Oh, and never approach women when they are in a “pack.” You’re outnumbered too greatly and nothing will work. 2-to-1, or even 3-to-1, you’ll be ok. But, if they’re with like four or five or more of their friends, just let it go.

pinkfizz - I didn’t mean to say you have me blocked, particularly, but I don’t pass through your e-mail filter. It’s ok, it happens from time to time.
 sddude
Joined: 11/4/2004
Msg: 112
Stop being a NICE guy
Posted: 10/25/2005 11:53:24 AM
Well I am nice to everyone , people just say I am always too happy , hahah that was my problem , never condencending to anyone .

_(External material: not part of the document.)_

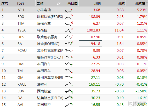 美股交通运输板块,小牛电动涨超5%,塔塔汽车、联邦快递、特斯拉等跟涨,而美国航空、达美航空、西南航空等有所跟跌。

Yes yam the woman pack is just aweful for some guys especially the way I was sending a flower to one girl got them into a torture and tease frenzy being humiliated often sometimes several times in one day was normal for me , many rejections daily was the norm .

I can approach women even a large pack of women and get to know all of them even be the life of their little group before I was just nice, correct , sweet, thoughtful , generous, chivalrous, kind of funny , helpful.... you know the list women make about the guy they want . Now they tell me I am bad news for them but they do not care I am fun .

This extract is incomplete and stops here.